> What is needed
For the data below, give again exactly the lines from the one containing "trong tâm trạng" through the one containing "Krótki pistolet z", both ends included, and no others.

..............................

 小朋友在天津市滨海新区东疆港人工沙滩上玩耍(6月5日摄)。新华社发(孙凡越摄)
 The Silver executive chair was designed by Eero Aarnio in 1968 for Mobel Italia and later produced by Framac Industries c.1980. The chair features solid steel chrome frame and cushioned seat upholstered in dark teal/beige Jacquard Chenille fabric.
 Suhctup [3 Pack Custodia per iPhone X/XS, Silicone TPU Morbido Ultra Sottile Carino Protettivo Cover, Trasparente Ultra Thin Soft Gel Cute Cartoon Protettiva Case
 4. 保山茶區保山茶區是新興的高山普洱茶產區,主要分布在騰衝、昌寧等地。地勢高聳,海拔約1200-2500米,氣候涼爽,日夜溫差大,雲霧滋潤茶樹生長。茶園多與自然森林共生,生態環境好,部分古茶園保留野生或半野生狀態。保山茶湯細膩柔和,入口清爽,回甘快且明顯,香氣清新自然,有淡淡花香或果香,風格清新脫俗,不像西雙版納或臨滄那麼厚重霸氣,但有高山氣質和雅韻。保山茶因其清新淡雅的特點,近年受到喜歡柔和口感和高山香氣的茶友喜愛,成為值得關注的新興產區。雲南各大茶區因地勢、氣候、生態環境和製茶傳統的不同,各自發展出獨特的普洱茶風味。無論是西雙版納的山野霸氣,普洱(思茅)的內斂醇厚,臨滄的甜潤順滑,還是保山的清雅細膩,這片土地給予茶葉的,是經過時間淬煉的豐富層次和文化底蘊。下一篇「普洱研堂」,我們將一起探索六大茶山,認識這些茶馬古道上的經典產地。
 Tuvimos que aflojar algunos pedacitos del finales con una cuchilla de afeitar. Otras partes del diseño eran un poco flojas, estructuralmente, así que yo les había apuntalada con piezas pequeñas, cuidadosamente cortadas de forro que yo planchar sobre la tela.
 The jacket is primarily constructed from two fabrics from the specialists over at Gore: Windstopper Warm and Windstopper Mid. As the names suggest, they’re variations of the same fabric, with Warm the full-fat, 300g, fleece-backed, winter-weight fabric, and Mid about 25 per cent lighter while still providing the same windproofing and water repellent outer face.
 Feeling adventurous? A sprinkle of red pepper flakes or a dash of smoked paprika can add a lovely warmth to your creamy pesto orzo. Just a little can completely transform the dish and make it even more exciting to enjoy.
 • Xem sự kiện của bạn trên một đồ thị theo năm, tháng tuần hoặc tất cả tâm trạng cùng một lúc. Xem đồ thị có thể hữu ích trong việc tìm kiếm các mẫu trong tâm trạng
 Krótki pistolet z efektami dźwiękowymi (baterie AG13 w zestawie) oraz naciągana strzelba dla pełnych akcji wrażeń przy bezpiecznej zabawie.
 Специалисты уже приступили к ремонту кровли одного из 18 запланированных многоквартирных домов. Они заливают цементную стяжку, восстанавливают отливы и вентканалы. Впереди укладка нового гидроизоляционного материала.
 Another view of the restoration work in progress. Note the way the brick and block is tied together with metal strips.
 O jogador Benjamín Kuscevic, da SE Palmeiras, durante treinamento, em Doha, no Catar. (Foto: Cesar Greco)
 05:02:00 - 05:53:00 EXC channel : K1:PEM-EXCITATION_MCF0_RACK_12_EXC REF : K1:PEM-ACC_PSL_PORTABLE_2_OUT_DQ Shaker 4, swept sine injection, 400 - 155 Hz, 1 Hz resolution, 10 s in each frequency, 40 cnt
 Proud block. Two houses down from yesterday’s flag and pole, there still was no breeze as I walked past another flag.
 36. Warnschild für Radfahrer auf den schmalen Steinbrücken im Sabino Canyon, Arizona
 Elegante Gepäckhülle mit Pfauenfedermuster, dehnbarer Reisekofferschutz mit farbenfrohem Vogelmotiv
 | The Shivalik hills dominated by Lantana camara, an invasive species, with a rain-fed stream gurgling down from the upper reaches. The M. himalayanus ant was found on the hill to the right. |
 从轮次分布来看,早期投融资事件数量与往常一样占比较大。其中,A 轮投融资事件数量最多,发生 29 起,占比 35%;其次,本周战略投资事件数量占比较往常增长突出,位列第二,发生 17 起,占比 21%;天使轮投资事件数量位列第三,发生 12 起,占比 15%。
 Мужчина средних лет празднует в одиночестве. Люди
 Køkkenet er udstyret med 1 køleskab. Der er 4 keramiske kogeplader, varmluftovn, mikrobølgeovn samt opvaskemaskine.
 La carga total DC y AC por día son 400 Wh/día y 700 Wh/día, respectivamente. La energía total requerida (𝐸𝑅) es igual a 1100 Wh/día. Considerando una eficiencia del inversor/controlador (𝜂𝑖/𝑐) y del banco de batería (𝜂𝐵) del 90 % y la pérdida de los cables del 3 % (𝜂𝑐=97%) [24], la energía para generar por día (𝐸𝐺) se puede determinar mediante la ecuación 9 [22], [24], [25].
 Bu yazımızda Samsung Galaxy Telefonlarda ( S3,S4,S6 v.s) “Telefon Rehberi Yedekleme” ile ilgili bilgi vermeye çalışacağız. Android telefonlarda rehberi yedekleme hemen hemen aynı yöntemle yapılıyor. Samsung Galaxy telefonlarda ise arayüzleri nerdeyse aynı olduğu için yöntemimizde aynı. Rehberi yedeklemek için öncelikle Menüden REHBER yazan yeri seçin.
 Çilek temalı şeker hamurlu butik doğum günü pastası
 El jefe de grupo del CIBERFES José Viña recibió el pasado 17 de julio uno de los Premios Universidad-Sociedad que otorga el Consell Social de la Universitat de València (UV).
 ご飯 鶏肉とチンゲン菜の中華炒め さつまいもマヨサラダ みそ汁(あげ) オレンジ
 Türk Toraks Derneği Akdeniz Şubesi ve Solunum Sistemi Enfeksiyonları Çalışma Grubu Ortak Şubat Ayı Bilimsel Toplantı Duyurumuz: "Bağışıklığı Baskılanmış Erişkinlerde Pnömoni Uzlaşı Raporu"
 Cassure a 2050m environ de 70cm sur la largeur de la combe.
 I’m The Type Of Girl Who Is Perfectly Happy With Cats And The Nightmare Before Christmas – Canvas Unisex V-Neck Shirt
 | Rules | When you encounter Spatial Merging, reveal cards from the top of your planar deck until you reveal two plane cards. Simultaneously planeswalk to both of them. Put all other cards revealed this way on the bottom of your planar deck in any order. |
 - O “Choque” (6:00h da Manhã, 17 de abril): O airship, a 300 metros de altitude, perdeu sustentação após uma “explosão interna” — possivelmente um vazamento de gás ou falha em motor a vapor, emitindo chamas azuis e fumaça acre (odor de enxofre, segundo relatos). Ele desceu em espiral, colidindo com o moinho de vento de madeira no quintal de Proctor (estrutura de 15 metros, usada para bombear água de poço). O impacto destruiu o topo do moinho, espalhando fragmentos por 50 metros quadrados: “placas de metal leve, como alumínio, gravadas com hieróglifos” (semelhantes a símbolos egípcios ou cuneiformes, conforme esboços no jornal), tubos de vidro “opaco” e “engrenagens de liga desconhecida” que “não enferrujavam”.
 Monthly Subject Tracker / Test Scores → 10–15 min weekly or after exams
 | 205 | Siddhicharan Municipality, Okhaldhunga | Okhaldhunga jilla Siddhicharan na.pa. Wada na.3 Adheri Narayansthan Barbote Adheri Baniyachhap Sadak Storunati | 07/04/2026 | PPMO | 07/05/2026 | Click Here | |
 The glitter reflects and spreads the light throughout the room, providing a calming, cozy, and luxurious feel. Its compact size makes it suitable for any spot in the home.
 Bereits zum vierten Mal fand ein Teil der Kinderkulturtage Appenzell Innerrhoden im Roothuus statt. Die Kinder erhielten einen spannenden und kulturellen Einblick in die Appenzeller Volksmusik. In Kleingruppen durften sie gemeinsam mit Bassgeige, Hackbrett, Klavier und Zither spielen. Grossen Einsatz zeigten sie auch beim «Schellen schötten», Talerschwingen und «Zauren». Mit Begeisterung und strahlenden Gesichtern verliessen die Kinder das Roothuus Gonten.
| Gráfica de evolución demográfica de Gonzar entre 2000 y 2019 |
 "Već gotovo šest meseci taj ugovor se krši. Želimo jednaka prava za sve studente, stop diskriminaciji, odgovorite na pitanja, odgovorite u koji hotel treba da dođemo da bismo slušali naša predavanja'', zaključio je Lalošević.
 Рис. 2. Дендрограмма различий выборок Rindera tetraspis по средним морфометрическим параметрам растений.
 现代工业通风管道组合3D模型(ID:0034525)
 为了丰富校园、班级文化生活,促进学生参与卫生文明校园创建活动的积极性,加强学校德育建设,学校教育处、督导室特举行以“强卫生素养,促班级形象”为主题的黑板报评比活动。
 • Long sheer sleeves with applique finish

..............................

> Exercise result
 • Xem sự kiện của bạn trên một đồ thị theo năm, tháng tuần hoặc tất cả tâm trạng cùng một lúc. Xem đồ thị có thể hữu ích trong việc tìm kiếm các mẫu trong tâm trạng
 Krótki pistolet z efektami dźwiękowymi (baterie AG13 w zestawie) oraz naciągana strzelba dla pełnych akcji wrażeń przy bezpiecznej zabawie.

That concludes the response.